Intel will launch an 8-core processor for the PC market.  It’s price point will be too high for the consumer market and the product will languish — forcing Intel to lower the prices of its product line.  Worse, Microsoft will limit its support of this chip to Vista.  While we can expect Vista to continue to get better and better, the extra cost and hassle of Microsoft’s software, Office upgrades, etc will limit sales.  Apple will swoop in and take more market share.

Obama

As a result of all the economic problems and scandals on Wall Street, I predict the Obama administration will propose a comprehensive financial monitoring system for the banking and investment community.  It will be proposed in 2009 and will take a few years to implement.  With it government agencies will have the means to thoroughly monitor and regulate the industry.

The Obama administration will move forward, as promised with a national program to computerize medical records.  They will however, miss one of the greatest values of such an effort.  Because of privacy concern, government ignorance of technology, etc the system will not have the ability for the medical industry to do data mining.  With computerized records we will finally have the ability to spot drug interaction problems and perform research on the effectiveness of treatments.  With data mining with patient privacy protection, our health care system can be greatly improved.  We will miss that opportunity.

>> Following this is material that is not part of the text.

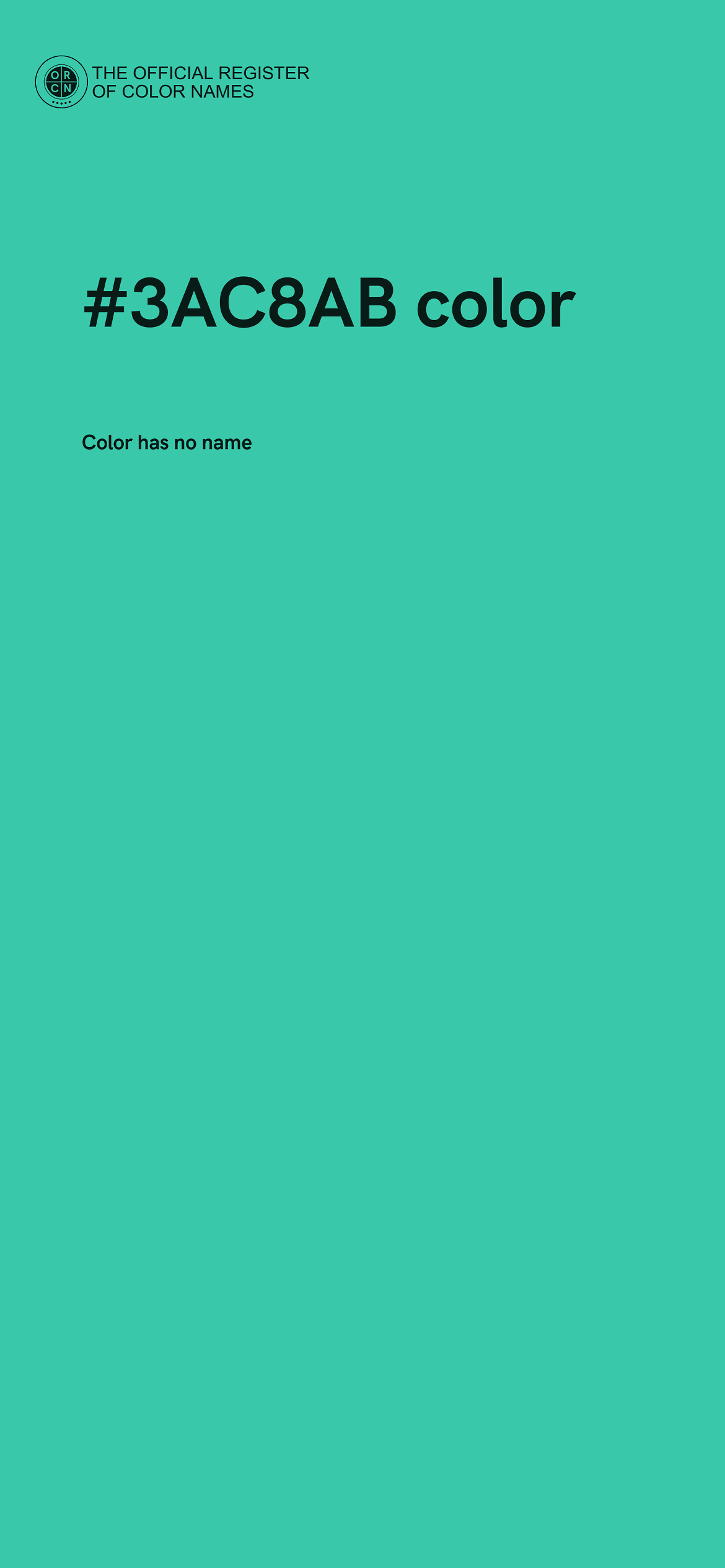 The digital color HEX #3AC8AB belongs to the Cyan Color Family featuring Moderate Saturation (Saturation Family) and Light (Brightness Family).

The Obama administration and/or Google will create a new Google Gov service.  Like its news service, Google Gov will start tracking everything going on in Congress.  Committee hearings, votes, discussion of bills and amendments will be captured by Google and made public within days.  We will finally be able to see in real time what our elected leaders are really doing, who is influencing them, etc.  This will be a game changer.